The Lease Amendments

In August 2003, tenant and Bedford executed a first amended lease agreement, expanding the square footage of the rental premises to 7,717 square feet. Bedford also agreed to provide tenant with additional property improvements. Under the amendment, tenant’s rent increased. The lease termination date of August 31, 2006, remained unaffected by the amendment.

In April 2004, tenant and Bedford executed a second amendment to the lease, increasing the square footage of the premises further, to 10,961 square feet. The second amendment increased the rent to be paid through August 31, 2007. Under the second lease amendment, Bedford expended $98,942 in tenant improvements on behalf of tenant.

Mark Yorita, vice president and regional manager of Bedford, handled all of the negotiations with tenant on the lease and amendments. Bruce Meyer negotiated on behalf of tenant the first and second amendments. Yorita drafted the second lease amendment.

In April 2005, tenant again sought expansion of its leased premises. Yorita, on behalf of Bedford, negotiated and drafted a third amendment to the lease. The third amendment was in the same form as the second amendment. The lease increased the square footage to 14,838 square feet, increased the rent to be paid through August 31, 2008, and provided for additional premises improvements. Bedford spent $140,000 in tenant improvements on tenant’s benefit.

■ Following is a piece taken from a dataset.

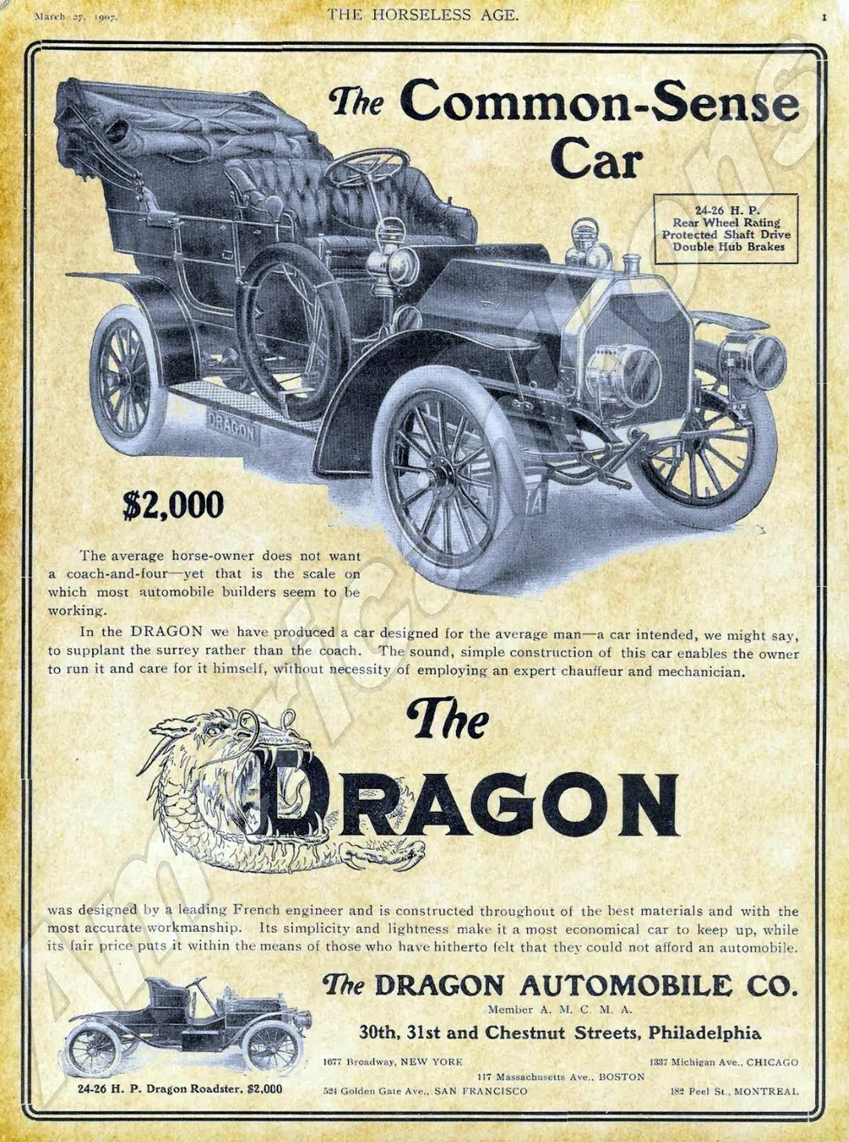 Ít người biết rằng, cái tên Dragon cũng từng được sử dụng cho một thương hiệu ô tô của phương Tây, đó là công ty Dragon Automotive với logo hình con rồng phương Đông, nhưng hãng xe có trụ sở tại Mỹ này chỉ tồn tại được 2 năm với chỉ 3 mẫu xe, kéo dài từ năm 1906 đến năm 1908.

In August 2005, tenant again informed Bedford that it wished to expand its leased space. Yorita told tenant that he would do what he could to accommodate tenant and reminded tenant that the lease as amended extended through August 31, 2008.

In March 2006, in anticipation of landlord purchasing the subject property, landlord’s lender, SunAmerica Life Insurance Company, required tenant and landlord to execute a subordination agreement. Tenant also signed an estoppel certificate. Landlord was not required to sign the estoppel certificate. The estoppel certificate stated that the lease expiration date was August 31, 2008. The subordination agreement did not mention any lease termination date.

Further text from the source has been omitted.